The first part of the program is a gratuitous use of macros. The
define-coefficients macro defines one of the coefficients mentioned
in Knuth’s last word letter (c1 to c5). Each coefficient is
parameterized by the k-value, which means that we should define a
procedure that takes k as an argument and returns cn(k). Knuth’s
table gives us the first values it should return (consts). For the
rest of the values we’ll use the corresponding relation. As a bonus
the macro also creates a hashtable where it stores previously computed
values, which is key to speeding up the algorithm.

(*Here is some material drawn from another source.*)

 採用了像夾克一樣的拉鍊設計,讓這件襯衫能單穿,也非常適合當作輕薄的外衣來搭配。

(define-syntax define-coefficients (syntax-rules () ((_ (name k) consts equation) (define name (let ((h (make-eqv-hashtable))) (lambda (k) (let ((v consts)) (cond ((< k 0) (vector-ref v 0)) ((< k (vector-length v)) (vector-ref v k)) ((hashtable-ref h k #f)) (else (let ((t equation)) (hashtable-set! h k t) ;memoize t))))))))))

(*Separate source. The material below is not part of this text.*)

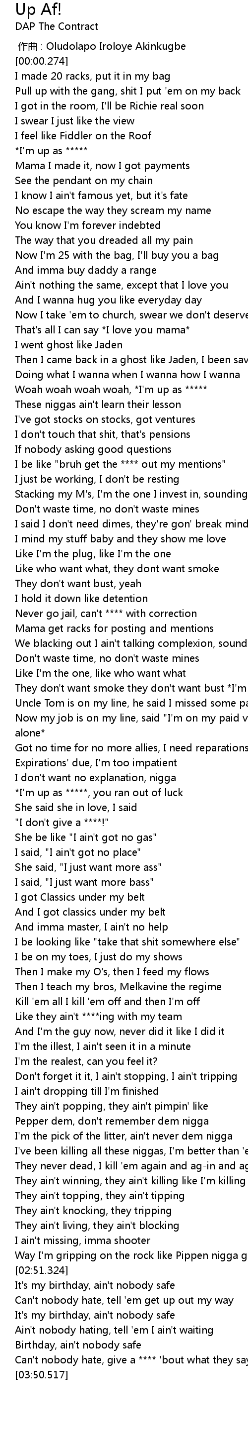 | [00:58.788] | Woah woah woah woah, *I'm up as ***** |

Next the macro is used to define the coefficients.
(define-coefficients (c1 k) '#(0 0 0 1 2 3) (+ (c1 (- k 1)) (c2 (- k 1)))) (define-coefficients (c2 k) '#(0 0 1 1 1 2) (+ (c2 (- k 1)) (c3 (- k 1)))) (define-coefficients (c3 k) '#(0 1 1 0 0 1) (+ (c3 (- k 1)) (c4 k))) (define-coefficients (c4 k) '#(1 1 0 0 0 0) (+ (c1 (- k 1)) (c4 (- k 1)) -1)) (define-coefficients (c5 k) '#(1) 0)

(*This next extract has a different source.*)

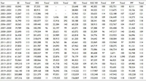 Similarly, Moorthy (2001) recommended an inflation-adjusted formula for setting interest rates on provident funds and small savings for effective running. However, the safety and security provided by postal savings still encouraged people to invest in postal savings, as noted by Jothilakshmi and Santhi (2019), Ghosh (2007), Priyadarshee et al. (2010) and Sahoo and Gomkale (2015). Growing demand for saving schemes also attracted investment from people receiving disbursement of MGNREGA, social security pension schemes, Indira Gandhi National Old Age Pension Scheme, Indira Gandhi Matritva Sahyog Yojana and conditional cash transfer (CCT); these, therefore, induced an upward saving trend according to Malakar (2013).

The equations given as the last argument to the macro are the relations adjusted to cn(k) instead of cn(k+1). Now that the coefficients have been defined it is easy to define A, just as Knuth observed:
(define (A k x1 x2 x3 x4 x5) (+ (* (c1 k) x1) (* (c2 k) x2) (* (c3 k) x3) (* (c4 k) x4) (* (c5 k) x5)))
Computing what is commonly referred to as A(k) is now achieved by
(A k 1 -1 -1 1 0). In Chez Scheme the computation takes no
time at all, even for very large k that no existing machine could
possibly handle using the original algorithm:
> (time (A 11 1 -1 -1 1 0)) (time (A 11 ...)) no collections 0.000004543s elapsed cpu time 0.000004149s elapsed real time 96 bytes allocated -138 > (time (A 128 1 -1 -1 1 0)) (time (A 128 ...)) no collections 0.000007392s elapsed cpu time 0.000007114s elapsed real time 304 bytes allocated -4635937302118988398753530618599286738522250 > (time (A 1024 1 -1 -1 1 0)) (time (A 1024 ...)) no collections 0.000744346s elapsed cpu time 0.000743677s elapsed real time 635472 bytes allocated -134525946204897748012677078309699584745858677996302504232754322006054514469295899995329805478290190232956296857851394596551319734862436102284482400522332522964879376131124504760141628006776332968808079671234906412428151832076596502192653046509414077174915139024920128557185075083924034657098210492453447406606370793777979291350811243549339280709645840417
Only one question is left unanswered. Whether or not a sufficiently smart compiler can (or indeed should) transform Knuth’s original algorithm into the fast algorithm presented here.
This was written as the first part of a series of articles on stuff that has been lying around on this website for a long time without any real commentary. The code it talks about was written in 2012.